What would the Know Your Customer rule define as a “suspicious” transaction? Oh, any old thing. Under the regulation, each bank would be obliged to “determine” the “normal and expected transactions” for each customer and to “monitor the account transactions . . . on an ongoing basis . . . to identify transactions that are inconsistent with the normal and expected transactions for particular customers or for customers in the same or similar categories or classes.”
I especially like the bit about “customers in the same or similar categories or classes.” Washington must know not only if you deposit or withdraw more one week than you normally do but also if you deposit or withdraw more than your neighbors normally do.
And who will make the judgment as to your likely criminality? Why, whomever your bank appoints, using whatever criteria your bank chooses. The next time you are in the midst of a long and infuriating argument over a mistake in your checking account with an assistant manager who seems to have the IQ of an eggplant, comfort yourself with the knowledge that this very eggplant may well be responsible for judging whether your recent dips into your savings account merit federal attention.
But here’s the good news: None of this will cost the government a penny. In a real triumph of Reinvented Government, the Know Your Customer regulation proposes not only to force banks to spy on their customers but also to pay for the privilege. It’s up to the banks to “provide for and document a system of internal controls to ensure ongoing compliance.”

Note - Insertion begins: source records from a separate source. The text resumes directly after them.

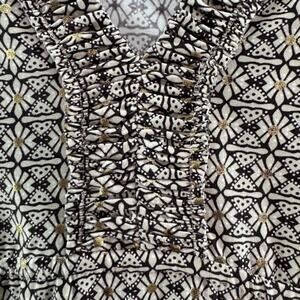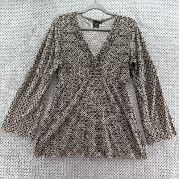 Y2K Suzie in the City Top Womens M Brown Gold Babydoll V-Neck Flared Long Sleeve
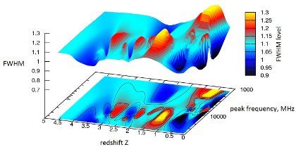 Отношение "красное смещение - пиковая частота - FWHM" для источников
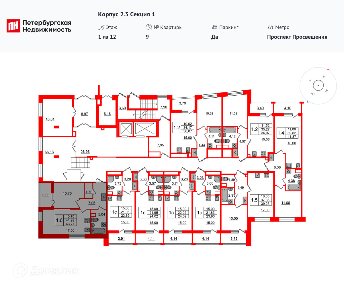 Площади квартир
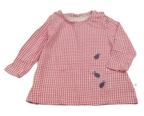 Růžovo-bílé kostkované bavlněné šaty s beruškami

Actually, here is the real good news. The Know Your Customer regulation seems to be on the way to a well-deserved strangling in the cradle. A regrettable accident befell it: People found out about it.

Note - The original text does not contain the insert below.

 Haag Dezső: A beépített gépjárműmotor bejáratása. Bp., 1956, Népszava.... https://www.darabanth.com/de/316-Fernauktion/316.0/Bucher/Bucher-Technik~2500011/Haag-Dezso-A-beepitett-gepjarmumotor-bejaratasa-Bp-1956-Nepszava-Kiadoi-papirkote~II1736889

The fix was supposed to be in. The FDIC was the last of the government’s Big Four of banking to sign on to Know Your Customer; the Federal Reserve (whose baby it was), the Comptroller of the Currency and the Office of Thrift Supervision had already supported the measure. (Thus, Know Your Customer would cover not only FDIC banks but every bank and thrift in the country.) And the American Bankers Association, the industry heavy, was also on board; indeed, ABA officials had helped write the little darling.

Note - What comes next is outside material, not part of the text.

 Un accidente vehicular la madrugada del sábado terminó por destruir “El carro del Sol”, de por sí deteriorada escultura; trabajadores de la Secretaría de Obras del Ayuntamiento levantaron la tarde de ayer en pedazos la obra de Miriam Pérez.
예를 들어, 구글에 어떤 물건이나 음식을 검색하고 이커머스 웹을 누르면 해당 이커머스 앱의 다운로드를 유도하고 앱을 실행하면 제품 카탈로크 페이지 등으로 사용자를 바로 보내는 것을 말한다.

But when the FDIC posted the proposed regulation on Dec. 7, it put Know Your Customer up on its Web site, where it was, alas, noticed. And where it generated, as of this week, some 15,000 comments (the average banking regulation inspires a few hundred). All but 12 of the comments were negative. The ABA quietly dropped its support of the measure. Republican Rep. Ron Paul of Texas announced plans to introduce legislation this week to kill the regulation the instant it is approved.
And before you could say “the era of big government is over,” the FDIC began to rethink the whole idea. “It is evident to me personally that we are going to have to do something different than what was proposed,” FDIC Chairman Donna A. Tanoue told the American Banker.
I do love it when they get the message.